**Directions for this task:** Copy the lines below word for word, skipping any image.

Stored entries:
>>>>>
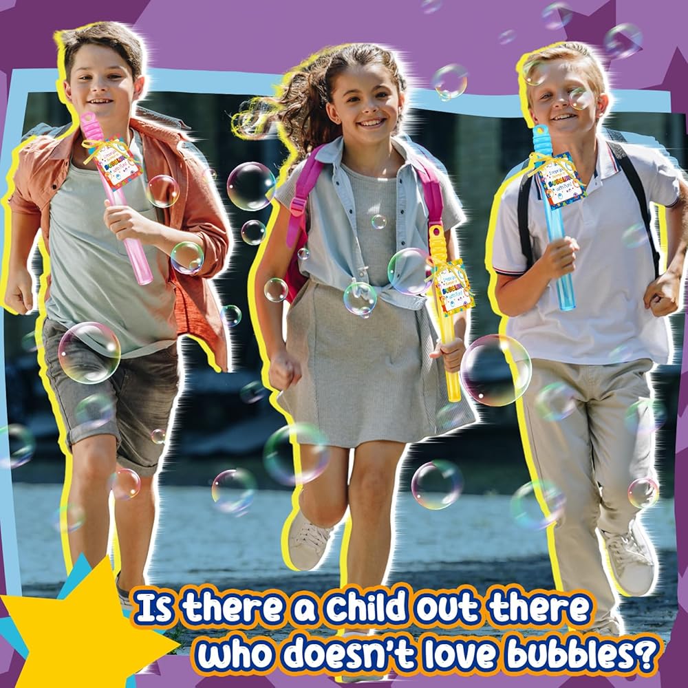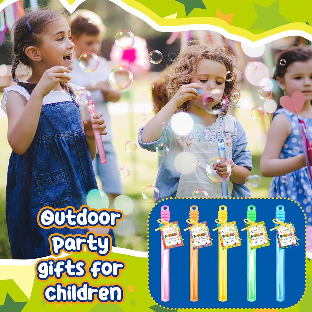 • A Bubbly Surprise: a year end surprise at your fingertips; This bubble wands bulk is the suitable gift to cap off the year; Make the gift more nice, thanks to the included cards and ribbon; A true bubble wonderland awaits
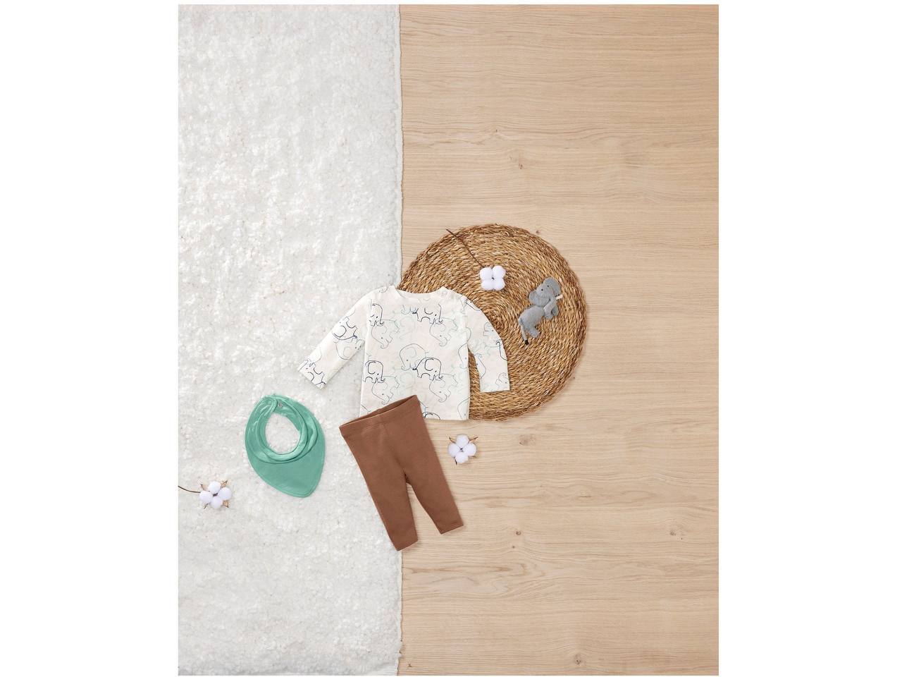 جنس پارچه نخ کاملا ارگانیک قسمت شانه دکمه دو ردیفه فشاری جهت راحتی هنگام پوشیدن طرح چاپی مدل یقه گرد محصول شرکت لیدل ( LIDL ) کشباف نازک دور یقه رنگ زمینه بلوزشیری با طرح چاپی فیل رنگ زمینه شلوار قهوه ای شلوار مدل جذب و اندامی بسیار راحت و با لطافت در تن دارای نشان استاندارد OEKO-TEX قابلیت کشسانی دارد متریال ۱۰۰٪ نخ
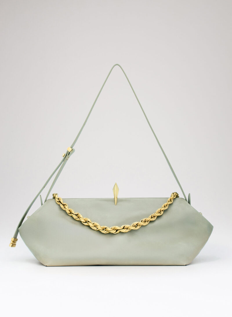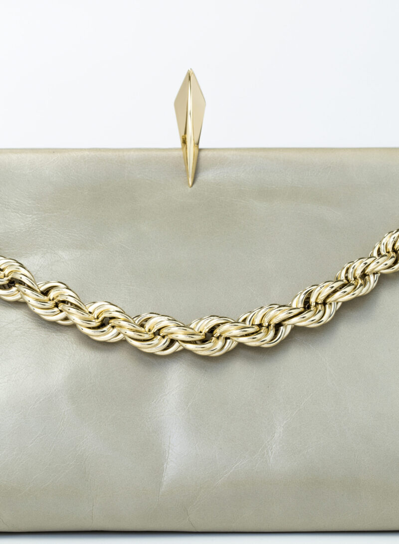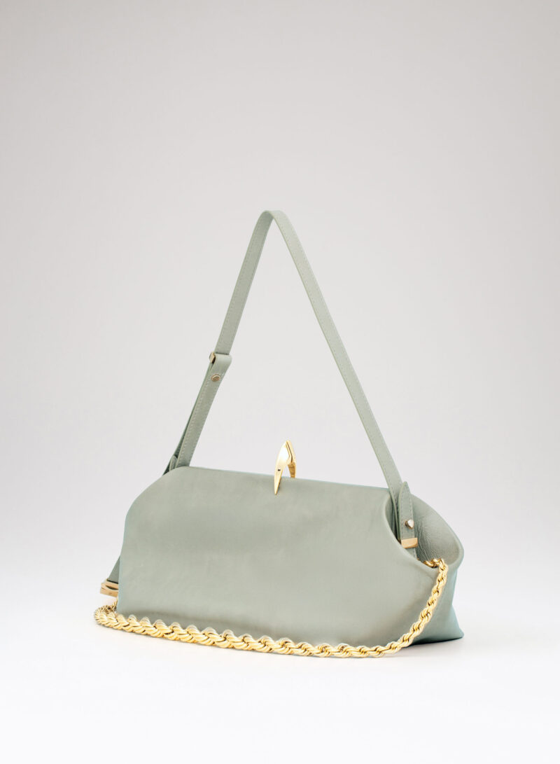 Questa è Sophia. Una borsa che nella raffinata catena in alluminio e la frame interna in metallo racconta echi di epoche passate, mentre nel corpo in pelle e la chiusura magnetica scultorea rivela il suo sguardo rivolto al futuro.
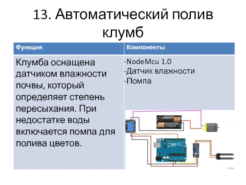 9. Полив растений при пересыхании почвы по показаниям датчика влажности
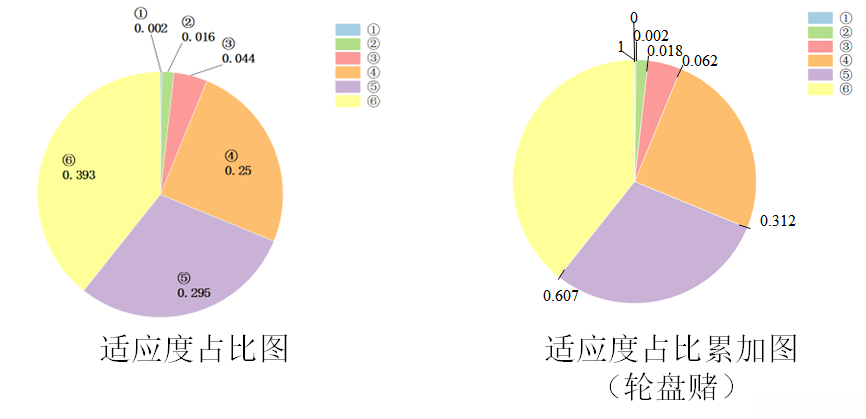 左图为各个体在其总体适应度中所占比例的饼图展示;右图为基于此比例构建的一个圆形概率模型。采用轮盘赌方法时,在每次选择中需要按照个体编号依次调节圆盘。每次转动时利用随机数生成器产生一个随机数值;若该随机数值高于相应个体当前适应度值,则执行复制操作;将此位置对应的个体作为被选中的对象替换掉当前个体。
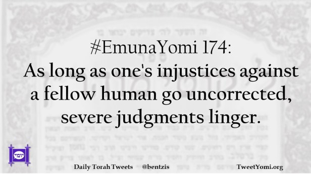 EmunaYomi #EmunaYomi 174 Date: August 31, 2021Author: ysspitz #EmunaYomi 174: As long as one’s injustices against a fellow human go uncorrected, severe judgments linger. Share this: Share on X (Opens in new window) X Share on Facebook (Opens in new window) Facebook Like Loading... Related
<<<<<
**Solution:**
 • A Bubbly Surprise: a year end surprise at your fingertips; This bubble wands bulk is the suitable gift to cap off the year; Make the gift more nice, thanks to the included cards and ribbon; A true bubble wonderland awaits
 جنس پارچه نخ کاملا ارگانیک قسمت شانه دکمه دو ردیفه فشاری جهت راحتی هنگام پوشیدن طرح چاپی مدل یقه گرد محصول شرکت لیدل ( LIDL ) کشباف نازک دور یقه رنگ زمینه بلوزشیری با طرح چاپی فیل رنگ زمینه شلوار قهوه ای شلوار مدل جذب و اندامی بسیار راحت و با لطافت در تن دارای نشان استاندارد OEKO-TEX قابلیت کشسانی دارد متریال ۱۰۰٪ نخ
 Questa è Sophia. Una borsa che nella raffinata catena in alluminio e la frame interna in metallo racconta echi di epoche passate, mentre nel corpo in pelle e la chiusura magnetica scultorea rivela il suo sguardo rivolto al futuro.
 9. Полив растений при пересыхании почвы по показаниям датчика влажности
 左图为各个体在其总体适应度中所占比例的饼图展示;右图为基于此比例构建的一个圆形概率模型。采用轮盘赌方法时,在每次选择中需要按照个体编号依次调节圆盘。每次转动时利用随机数生成器产生一个随机数值;若该随机数值高于相应个体当前适应度值,则执行复制操作;将此位置对应的个体作为被选中的对象替换掉当前个体。
 EmunaYomi #EmunaYomi 174 Date: August 31, 2021Author: ysspitz #EmunaYomi 174: As long as one’s injustices against a fellow human go uncorrected, severe judgments linger. Share this: Share on X (Opens in new window) X Share on Facebook (Opens in new window) Facebook Like Loading... Related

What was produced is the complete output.